In the interests of having a common benchmark case that's easy to
replicate, here's precisely what I did:
Use non-assert build of current HEAD (4bea91f21 at the moment).
$ createdb bench
$ time pgbench -i -s 10000 bench
real 14m40.474s
user 1m26.717s
sys 0m5.045s
$ psql bench
...
bench=# create table zedtable(f1 int);
CREATE TABLE
bench=# insert into zedtable values(42);
INSERT 0 1
bench=# \q
$ time pg_dump -Fc --compress=none bench | cat >bench10000.dump
real 7m48.969s
user 0m36.334s
sys 1m35.209s
(At this -s value, the database occupies about 147G and the dump
file about 95G. It's important the dump file not fit in RAM.)
$ time pg_restore -f /dev/null -t zedtable bench10000.dump
real 1m12.646s
user 0m0.355s
sys 0m5.083s
This compares rather favorably to "cat":
$ time cat bench10000.dump >/dev/null
real 3m6.627s
user 0m0.167s
sys 0m30.999s
I then applied your patch and repeated the restore run:
$ time pg_restore -f /dev/null -t zedtable bench10000.dump
real 2m39.138s
user 0m0.386s
sys 0m28.493s
So for me, the proposed patch actually makes it 2X slower.

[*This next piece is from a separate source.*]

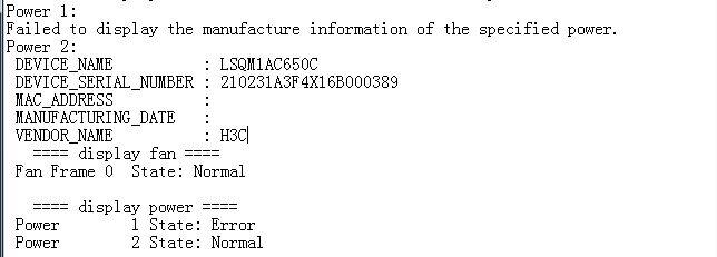 H3C S7606有两个电源,均为650W,其中一个状态为Error,这种状态一般大概率是啥问题呢。。。

Watching it with "iostat 1", I'm seeing about 40MB/s disk read
rate with HEAD, and 500MB/s with the patch; "cat" also shows
read rate around 500MB/s. So yeah, we can saturate the disk
interface by doing all reads and no seeks, but that doesn't
net out faster.
I did this on a few-years-old Dell Precision 5820 workstation.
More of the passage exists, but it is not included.